At most, the testimony produced by defendants merely created a conflict in the evidence. The trial court's findings thereon, under the circumstances presented, are binding upon this court. ( Dillard v. McKnight, 34 Cal.2d 209, 223 [ 209 P.2d 387]; Estate of Bristol, 23 Cal.2d 221, 223 [ 143 P.2d 689].)

In support of defendants' contention that the court misapplied the law as to boundaries in the instant case, numerous cases are cited, including Price v. DeReyes, 161 Cal. 484 [ 119 P. 893]; Young v. Blakeman, 153 Cal. 477 [ 95 P. 888]; Moniz v. Peterman, 220 Cal. 429 [ 31 P.2d 353]; Roberts v. Brae, 5 Cal.2d 356 [ 54 P.2d 698]; and Martin v. Lopes, 28 Cal.2d 618 [ 170 P.2d 881]. These cases hold generally that in order to establish an agreed boundary line, it is necessary to show that there was an uncertainty or belief of uncertainty in the location of the line; that there was an agreement, express or implied, fixing the line; and that there was an actual designation of the line upon the ground and occupation in accordance with such designation. The court found on conflicting evidence that the boundary line had not been established by agreement of the predecessors in interest of the parties; that there was no dispute as to the location of said line. [2] Where, as here, the acquiescence in the fence was as a barrier and not as a boundary line, no agreed boundary line was established. ( Roberts v. Brae, supra, p. 360.) Furthermore, an intention to accept the marked boundary as the true boundary must be shown. ( Martin v.

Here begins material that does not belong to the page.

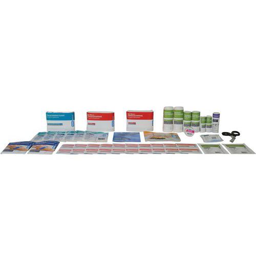 - Using kit refills ensures that your first aid provision is up-to-date and complete without needing to check individual components.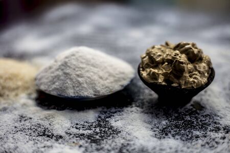 Face mask for glowing skin on wooden surface consisting of rice flour & dried orange peel powder in a glass bowl along with some rice flour spread on the surface for greater effect.Horizontal shot.

Lopes, supra, p. 636.) In the instant case the testimony of witness Seccombe, plaintiffs' predecessor in interest, was that he intended to claim "clear up to the true property line, wherever it might be, irrespective of where the fence might be." Under such circumstances we cannot hold that there was no substantial evidence to support the court's finding that the boundary line had not been established by agreement. [3] There was no error in failing to find specifically upon the question of the driveway as the judgment of the court did not restrict the defendants in the use of any of the property owned by them, and the description of the property in the answer and cross-complaint does not indicate that the defendants claim any land for a driveway or otherwise beyond the true boundary line between the lots involved.

The judgment is affirmed.

Barnard, P.J., concurred.

Appellants' petition for a hearing by the Supreme Court was denied September 11, 1950.